* INSTRUCTIONS FOR THE TASK *
The output must consist only of the lines from the one with "Mucho se ha" through the end of the listing, restated exactly and free of pictures.

* SOURCE MATERIAL *

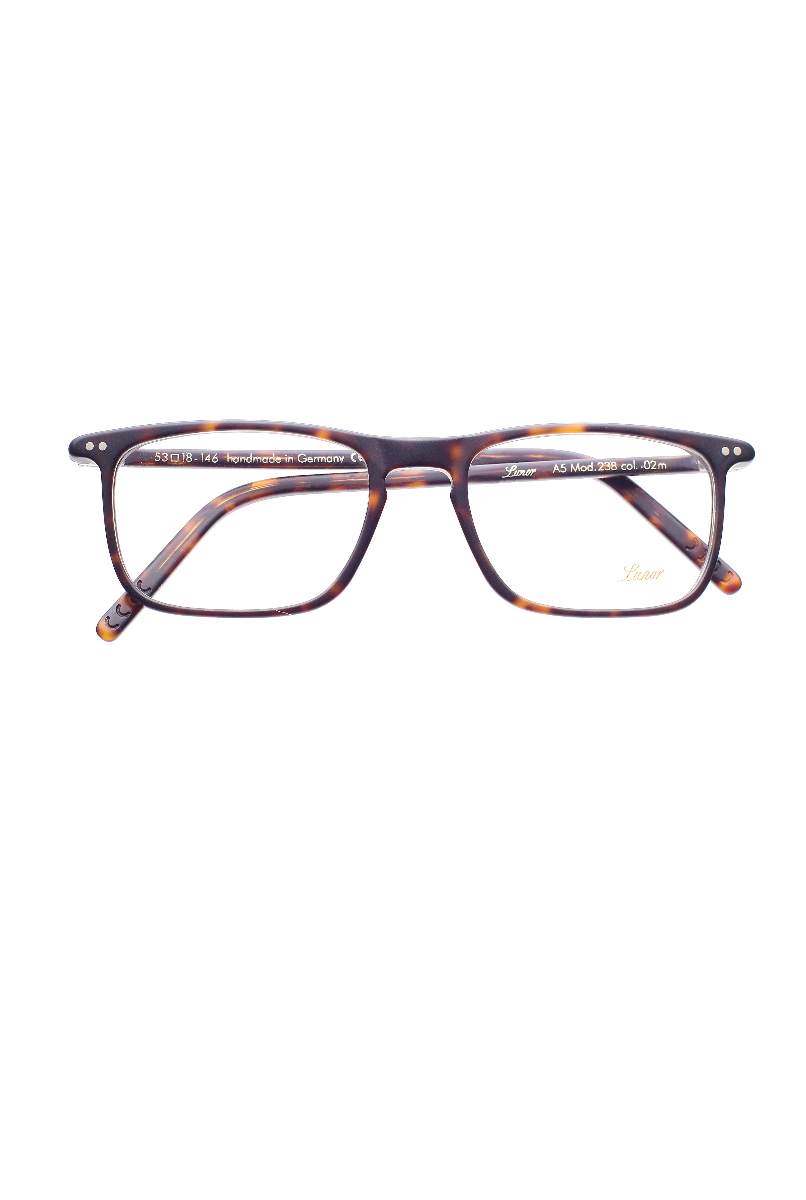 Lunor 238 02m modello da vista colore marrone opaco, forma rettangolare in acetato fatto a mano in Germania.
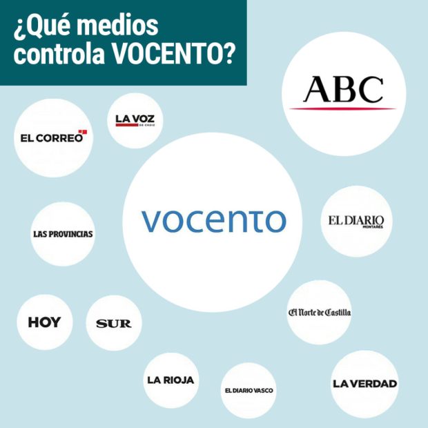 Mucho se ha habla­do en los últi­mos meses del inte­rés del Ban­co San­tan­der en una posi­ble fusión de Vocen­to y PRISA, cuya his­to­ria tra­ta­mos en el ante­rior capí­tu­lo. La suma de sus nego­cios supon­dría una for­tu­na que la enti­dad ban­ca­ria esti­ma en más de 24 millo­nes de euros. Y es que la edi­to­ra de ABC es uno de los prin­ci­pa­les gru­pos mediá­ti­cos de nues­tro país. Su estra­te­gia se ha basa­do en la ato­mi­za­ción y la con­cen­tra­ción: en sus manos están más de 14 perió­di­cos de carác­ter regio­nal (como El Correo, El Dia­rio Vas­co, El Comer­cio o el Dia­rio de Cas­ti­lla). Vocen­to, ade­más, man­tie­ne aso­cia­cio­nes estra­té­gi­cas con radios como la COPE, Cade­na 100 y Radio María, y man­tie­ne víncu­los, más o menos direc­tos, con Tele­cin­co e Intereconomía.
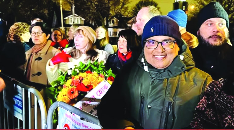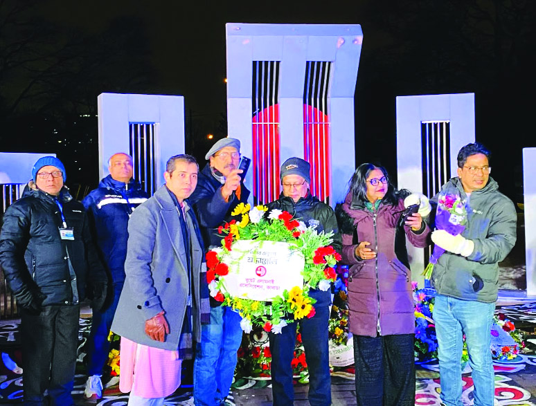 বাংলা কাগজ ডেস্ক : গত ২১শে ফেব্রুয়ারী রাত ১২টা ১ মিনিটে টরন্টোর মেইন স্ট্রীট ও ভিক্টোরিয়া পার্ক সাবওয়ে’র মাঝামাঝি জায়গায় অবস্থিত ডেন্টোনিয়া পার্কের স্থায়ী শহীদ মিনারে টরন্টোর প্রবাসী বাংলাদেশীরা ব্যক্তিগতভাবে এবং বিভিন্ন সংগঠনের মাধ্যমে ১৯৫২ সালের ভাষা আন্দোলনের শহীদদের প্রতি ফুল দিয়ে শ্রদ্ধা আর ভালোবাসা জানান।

* RESULT OF THIS EXERCISE *
 Mucho se ha habla­do en los últi­mos meses del inte­rés del Ban­co San­tan­der en una posi­ble fusión de Vocen­to y PRISA, cuya his­to­ria tra­ta­mos en el ante­rior capí­tu­lo. La suma de sus nego­cios supon­dría una for­tu­na que la enti­dad ban­ca­ria esti­ma en más de 24 millo­nes de euros. Y es que la edi­to­ra de ABC es uno de los prin­ci­pa­les gru­pos mediá­ti­cos de nues­tro país. Su estra­te­gia se ha basa­do en la ato­mi­za­ción y la con­cen­tra­ción: en sus manos están más de 14 perió­di­cos de carác­ter regio­nal (como El Correo, El Dia­rio Vas­co, El Comer­cio o el Dia­rio de Cas­ti­lla). Vocen­to, ade­más, man­tie­ne aso­cia­cio­nes estra­té­gi­cas con radios como la COPE, Cade­na 100 y Radio María, y man­tie­ne víncu­los, más o menos direc­tos, con Tele­cin­co e Intereconomía.
 বাংলা কাগজ ডেস্ক : গত ২১শে ফেব্রুয়ারী রাত ১২টা ১ মিনিটে টরন্টোর মেইন স্ট্রীট ও ভিক্টোরিয়া পার্ক সাবওয়ে’র মাঝামাঝি জায়গায় অবস্থিত ডেন্টোনিয়া পার্কের স্থায়ী শহীদ মিনারে টরন্টোর প্রবাসী বাংলাদেশীরা ব্যক্তিগতভাবে এবং বিভিন্ন সংগঠনের মাধ্যমে ১৯৫২ সালের ভাষা আন্দোলনের শহীদদের প্রতি ফুল দিয়ে শ্রদ্ধা আর ভালোবাসা জানান।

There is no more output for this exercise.